The invention relates in general to a hose and in particular to a hose for use in bio-pharmaceutical applications.
Pharmaceutical companies typically use hoses to transfer bio-pharmaceutical materials at various locations within the process of manufacturing pharmaceutical products. These bio-pharmaceutical materials may include laboratory and food products as well as various chemicals. A requirement for such hoses is for the inside surface of the innermost layer of the hose (i.e., the surface in contact with the bio-pharmaceutical materials) to be smooth throughout and of a high degree of purity, and thus free from becoming contaminated and/or breaking down (i.e., chemically inert) or degrading relatively quickly over time. Typically the innermost surface of such hoses is required to be sterilized and cleaned relatively frequently, for example, by passing pressurized superheated steam through the hose and/or by an autoclave process. However, such cleaning processes tend to degrade the innermost surface of some prior art hoses over time. Other typical requirements for bio-pharmaceutical hoses include, for example, resistance from permanent kinking, a relatively high degree of flexibility, sufficient hoop strength and tensile strength, relative ease of handling and attachment to mechanical couplings, and a relatively high degree of vacuum resistance (i.e., the resistance to being constricted when negative pressure or suction is applied to the hose).
Prior art hoses for use in the bio-pharmaceutical industry typically comprise a single layer of silicone material or a multi-layered hose having a silicone material for the innermost tubular member. While the silicone material tends to provide moderate levels of flexibility and kink resistance (and, thus, relative ease in handling), the innermost surface of the silicone material nevertheless tends to become contaminated and/or degraded relatively quickly over time, particularly by the repeated steam cleaning process. This results in the replacement of the silicone material hose more frequently than desired. Other prior art bio-pharmaceutical hoses have comprised a layer of a relatively heavy or thick wall of fluoropolymer material where the layer has a relatively smooth innermost surface and a convoluted or spiral-grooved outer surface. However, oftentimes the required smooth finish of the innermost surface of such a hose becomes undesirably compromised over time (e.g., rippled or otherwise deformed), particularly when the hose is flexed. Also, other smoothbore fluoropolymer hoses without a convoluted external outer surface typically lack flexibility and are relatively heavy and thus difficult to handle when the inner diameter of the hose exceeds one inch.

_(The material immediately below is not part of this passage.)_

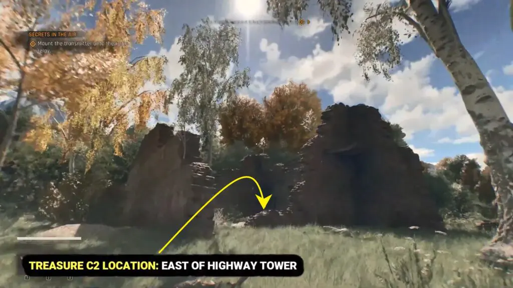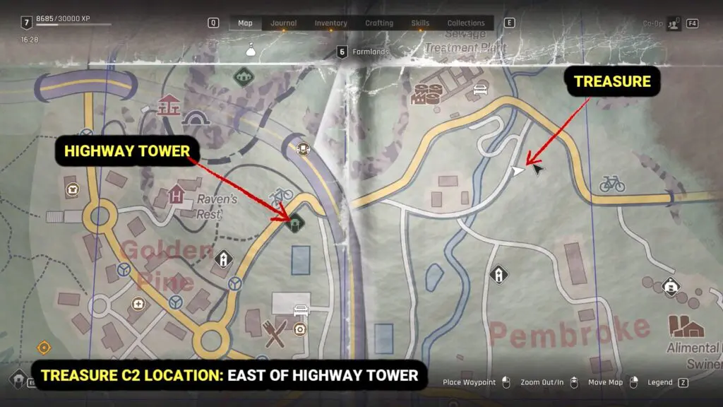 To get this treasure, go east from the Highway Tower and a little south of the Sewage Treatment Plant to reach the ruins. Use your map to find the spot.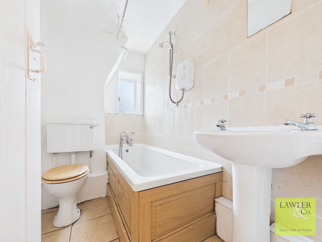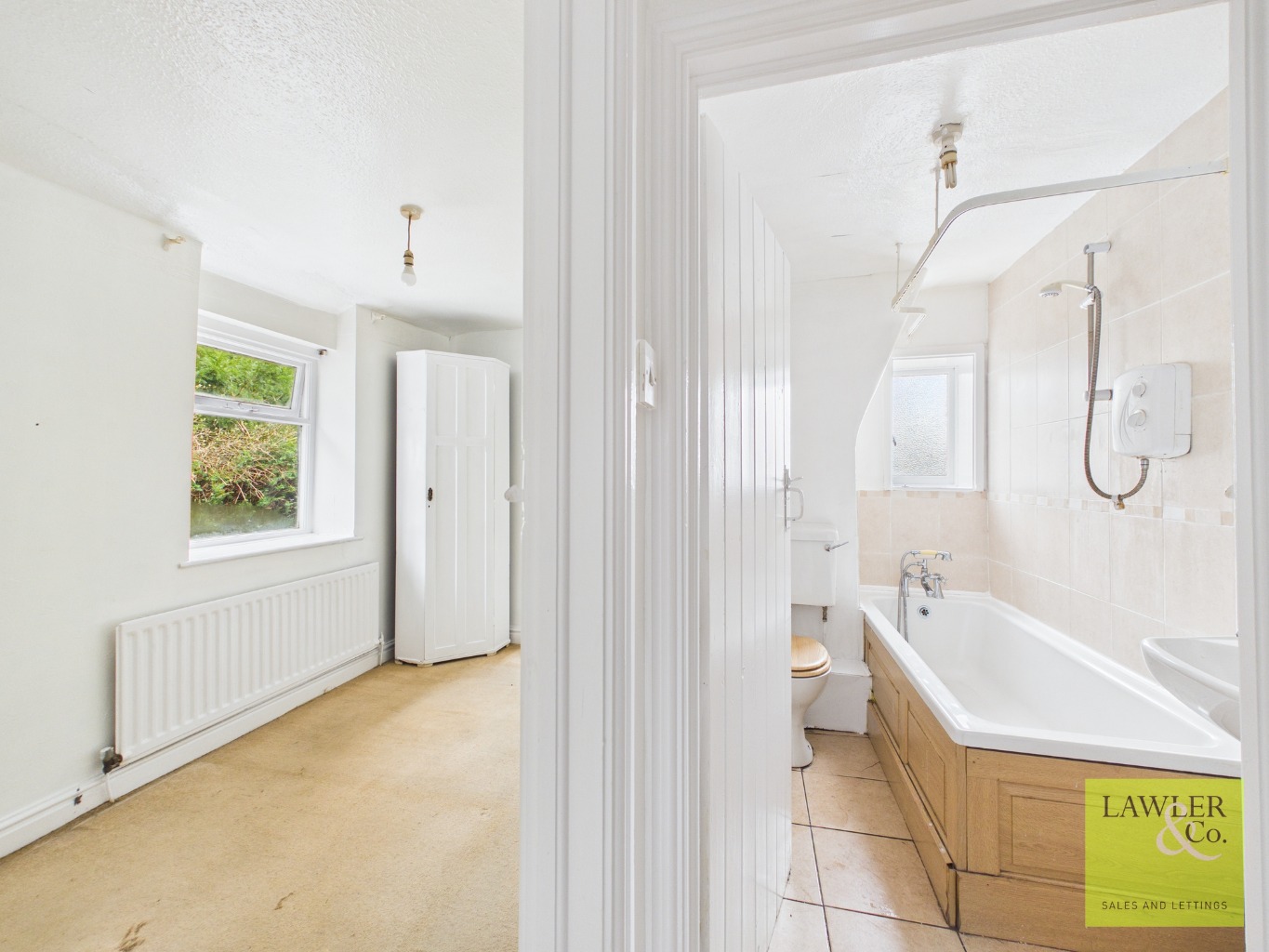 To the first floor, the property offers a generous double bedroom with views to a lovely neighbouring garden and a well-proportioned single bedroom with built-in storage. A family bathroom with shower over bath completes the accommodation. Throughout, the home boasts charming character features including stone accents, original beams and traditional cottage-style wooden doors and windows.

Still other prior art hoses achieve the required level of vacuum resistance through use of a reinforcement layer made of relatively heavy helix wire. However, such a metallic layer tends to be relatively stiff, thereby requiring a large amount of force to flex or bend the hose. Further, when bent, the innermost surface of such a hose tends to lose its smoothness at the point of bending. In other known hoses, the superheated steam vapor used during the steam cleaning process permeates or enters the matrix of the inner wall material. This tends to accelerate the breakdown of the innermost surface of the hose.
What is needed is a bio-pharmaceutical hose having a relatively long-lasting purity of the innermost surface through which the bio-pharmaceutical materials are transferred, while providing a relatively large amount of flexibility and resistance to kinking and steam permeation and also providing relatively high tensile and hoop strength and vacuum resistance, and also being easy to handle and readily attached to mechanical couplings.